もし「本採用しない」と言われた場合は、正当な理由なのかどうか、労働局や弁護士さんにすぐ相談することをお勧めします。
「えっ。ウチの試用期間は1年以上だってさ。」という方はどうすべきでしょうか。試用期間が採用選考の段階では判らない業務遂行能力や適性を見定める性格をもっているわけですから、職種や業界によって、必要な長さも異なってくると思います。もっとも1年を超える不当に長い試用期間は「公序良俗に反する」として無効だとの裁判例もありますので、実情をよく見定めて、それが「人材の使い捨て」が疑われるような制度の場合は、さっさと転職活動を始めましょう。「入社してみたら試用期間が1年を超えていて、とても人材を大事にする会社とは思えない。」という転職動機は、次の応募先の面接官に充分な説得力を持つと思います。
中途採用の場合の試用期間も、前述の調査ではその長さは、「3ヵ月程度」が65.7%ともっとも多く、次いで、「6ヵ月程度」が16.5%、「2ヵ月程度」が8.3%などとなっていて、新卒対象と大きくは変わりません。

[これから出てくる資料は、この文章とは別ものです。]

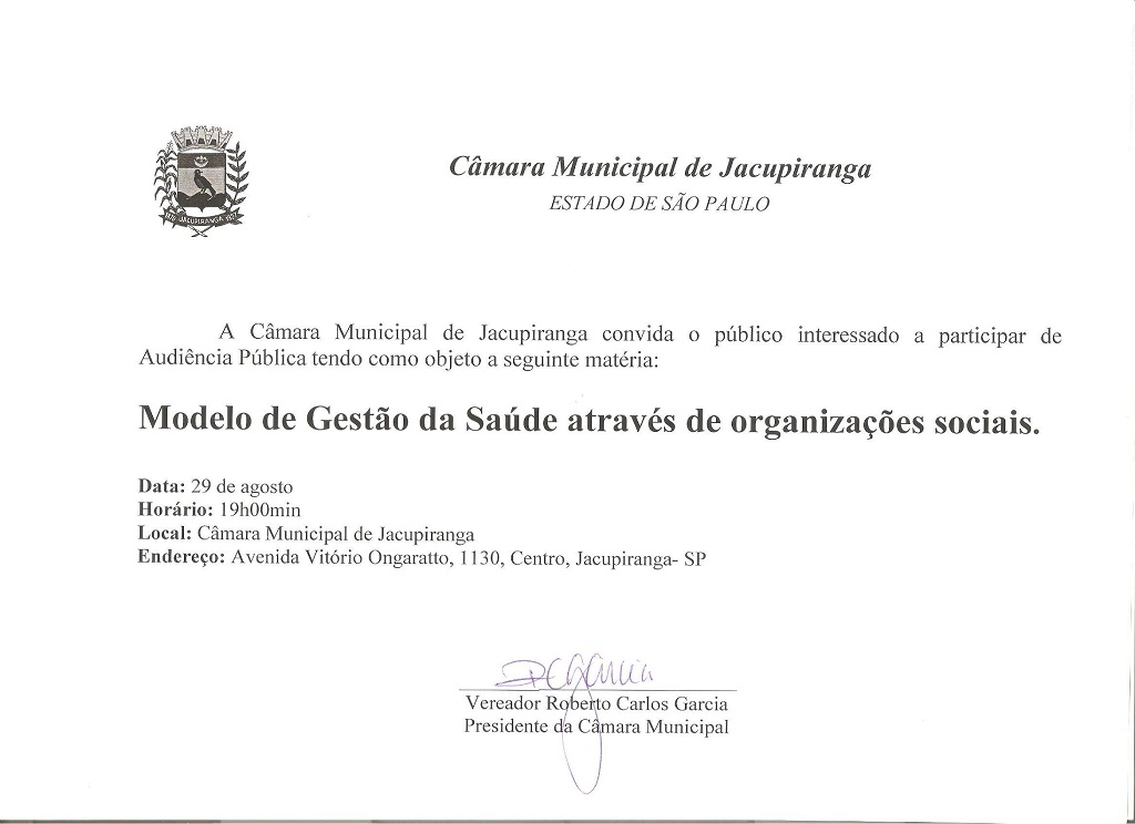AUDIÊNCIA PÚBLICA – Modelo de Gestão da Saúde através de Organizações Sociais |

もしあなたがアルバイトから本採用になったりした場合、また有期契約を反復継続して無期雇用に転換した場合、長期間アルバイトや派遣社員で働いていた人を、そのまま同じ業務を行う正社員として採用する場合、すでに長期にわたる勤務状況がありすでに適性や能力は判断できているとされて、正社員登用時にあらためて試用期間を設ける必要はないと判断された裁判例もあることは、心の隅にしっかり刻んでおきましょう。

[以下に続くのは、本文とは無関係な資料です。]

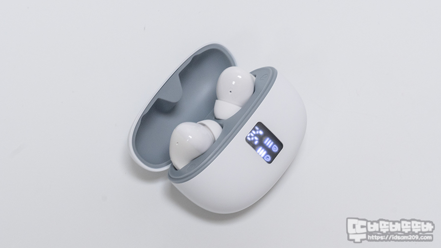 300mAh 배터리를 내장한 충전 케이스는 충전 수 숫자가 점멸하면서 % 숫자를 보여주며 완충까지 약 1.5시간이 소요됩니다.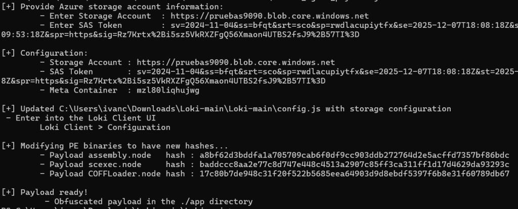 Using this C2 server is very simple, you just need to download the server (.exe) and configure it using an Azure account, as communication will take place through a Blob.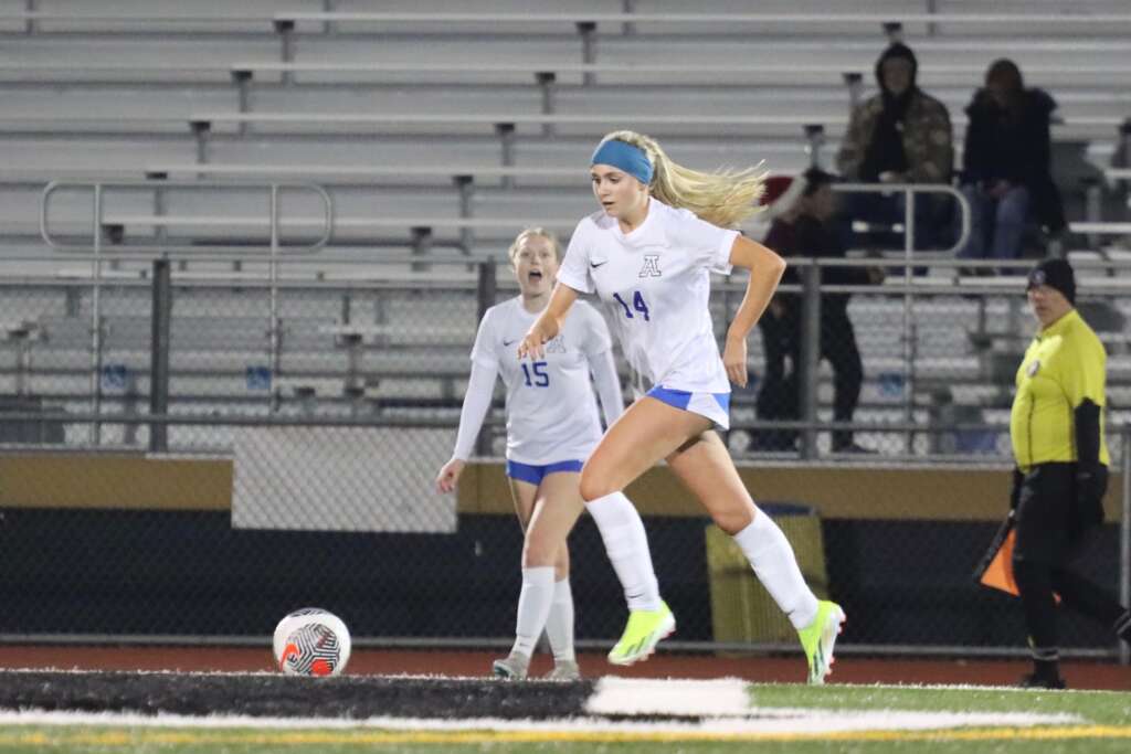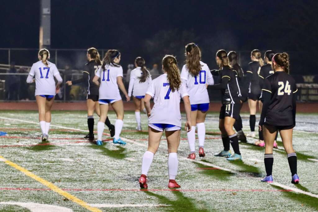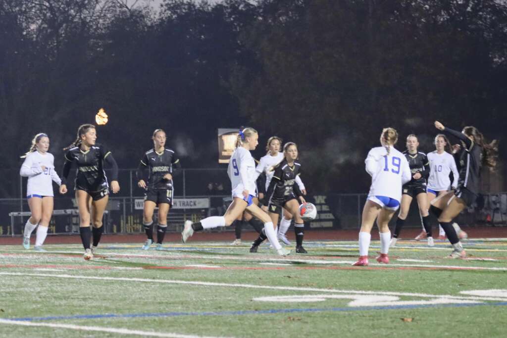 Windsor played the second half just like the first – aggressive and fast. The defensive line of Sierra Goyert, Culbertson, DeMent, and Keely were tested early when a Windsor player made a long pass up for their winger who one touched a shot past Lewis who was wisely coming out to cut off the ball. But, Keely streaked in and cleared the ball away from an open goal – a heroic save!

試用期間について、企業側が正しく理解していない場合もあるかもしれません。事前に就業規則や労働条件通知書の記載を確認し、不当でないかを自ら判断できるよう、知識を持っておくことが大事です。試用期間のことに限らず、厚生労働省の作成した「これってあり?~まんが知って役立つ労働法Q&A~」には目を通しておいてください。
4月にも申し上げたことですが、これらの知識は自分を守るだけでなく、将来あなたが将来管理職となって部下を監督する立場になった時にも、起業するなり、入社した会社の社長あるいは関連会社の社長となって「人材を雇う」立場になった時にも必要な知識なのです。
「働き方改革」のうねりが大きくなっている今の時代に、無事試用期間を通過して「本採用」になったみなさんが、正しいルールの下一生懸命働くことで社会に貢献することを何より願ってやまないのです。
そして採用担当の皆さんへ。もし万一残念ながら試用期間を経て本採用しない事例がでてしまったら、それは採用選考時に「人材を見抜く力」が不足していたのだという見方もできます。厳しい言い方かもしれませんが、時間と労力と経費をかけてやっと採用した人材を放り出すということは、単なる無駄をしてしまったということだけでなく、貴社に悪い印象を持った人を輩出してしまったということを肝に銘じておく必要がありそうです。